Monday, February 8, 2021

Rage - Carved in Stone (2008)

For its first few moments of keyboard orchestration accompanying the guitars, Carved in Stone comes across like a spiritual successor to the Ghosts album, and in truth I heard a few melodic nods to those tunes a number of times throughout the album. However, this is an effort much more steeped in the ever increasing guitar theatrics of the talented Mr. Victor Smolski, who manages to balance off his finesse fairly well with the songwriting, using his prowess with a lot of fills and busy rhythm licks that actually serve to make song progressions more interesting than they might have been if they were left more...plain. This is far from the most memorable of Rage's output, but it's a typically strong affair which does attempt a few new riff ideas. More importantly, while Peavy is not as his shrieking heights, he does have a decent sustain when he ups his pitch a little here...much of his performance is still the gritty, lower growl, but there's a breath of vitality erupting on certain songs that hints at an earnest youthfulness.

Musically this is still the lower-end driven sort of power metal that Rage had been performing since the 90s, with the slightly thrash/groove undertones in that occupy a lot of verse and bridge sections. The bass lines are thick and pounding, and there's a spirited, hard-hitting Hilgers performance, all of which makes for a great sandbox through which Smolski can just go wild. He keeps it well under control, don't get me wrong, but hurls a lot of fine squeals, harmonies and wailing micro-leads at us that are entertaining. I've said it before, but Victor is like the Ozzy guitarist that never was...he has the flash and technique of all of Osbourne's famed axemen (Rhoads, Lee, Wylde), all rolled up into one person with the added onus that he's got a more neo-classical shredder leaning to, and there just came a point in this band's career when he started OWNING the material.

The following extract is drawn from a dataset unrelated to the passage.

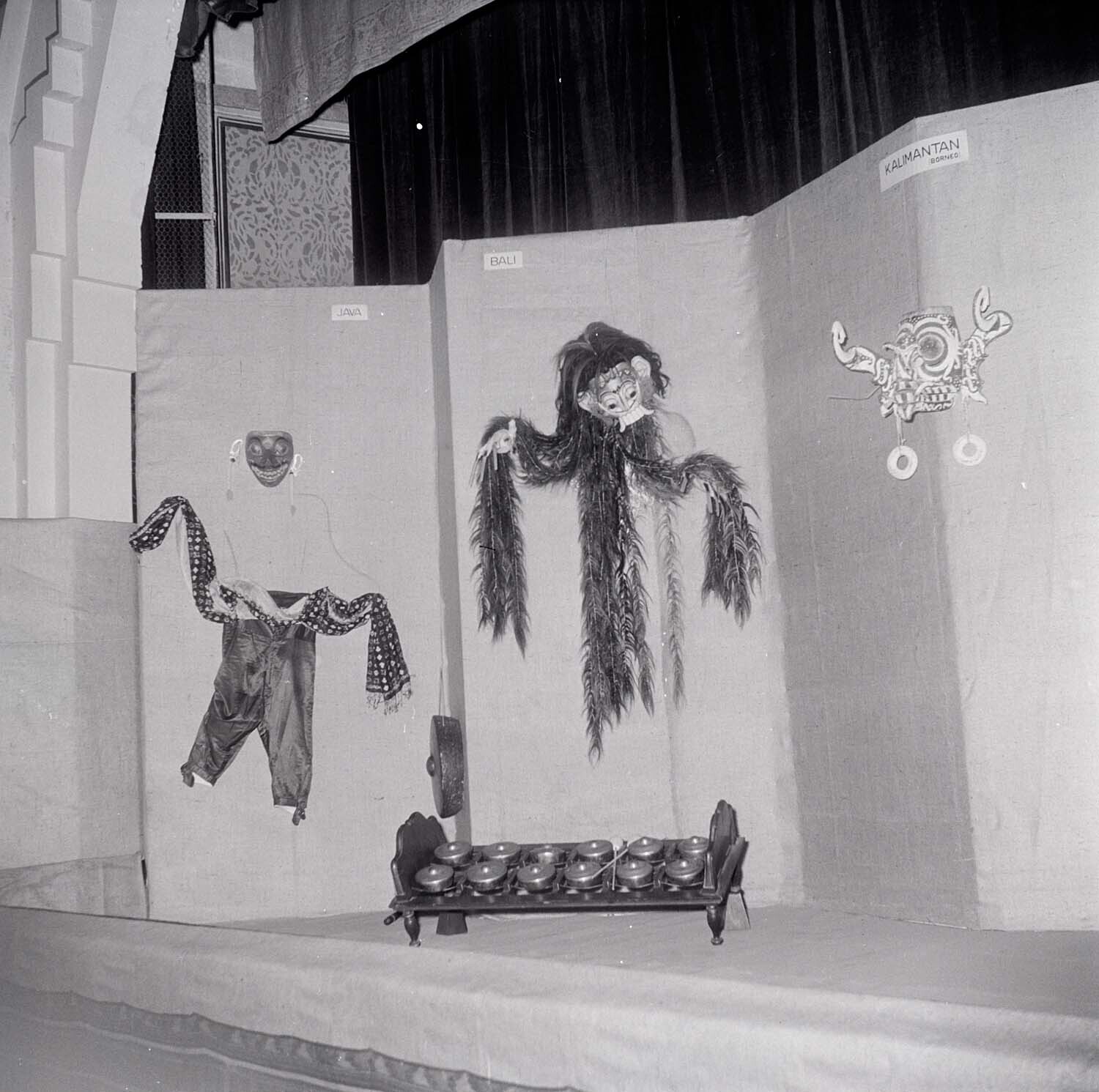 Maskers van Java, Bali en Kalimantan op de tentoonst...

That's not to diminish the recognizable traits of Wagner's vocals and the fact that those two are as mighty a rhythm fusion as you're going to get, but it's always Smolki who is punching through the stratosphere and providing us with a 'new' feel to the material, very evident in a track like "Gentle Murders" where he lets loose with some wild patterns and a great self-dueling solo that is threaded with these technical little muted picked lines that are fantastic.

The band can certainly simplify, as it does with the slightly dumber groove metal of "Open My Grave", and these are probably my least favorite moments on Carved in Stone, although even this one does turn into a slightly dreamy, jazzy pre-chorus where it instantly improves. There are no tracks here which entirely lack for good moments...even the woozy acoustics that introduce "Without You" erupt into this blazing, groovy Sabbath-like rhythm and then just amazing guitar theatrics throughout. I know I keep coming back to it, but this is really an album which wouldn't suffer so much if I were simply watching Victor jam it all out in preparation at a rehearsal room; he's such an entertaining player and you never quite know where he's going next, even if you're familiar with his overall bag of tricks. If it stumbles, it never does for long, and the worst I can say for this one is that it blends in a lot with other recordings in their 21st century catalogue so that it doesn't really approach a landmark. But I dig most of it.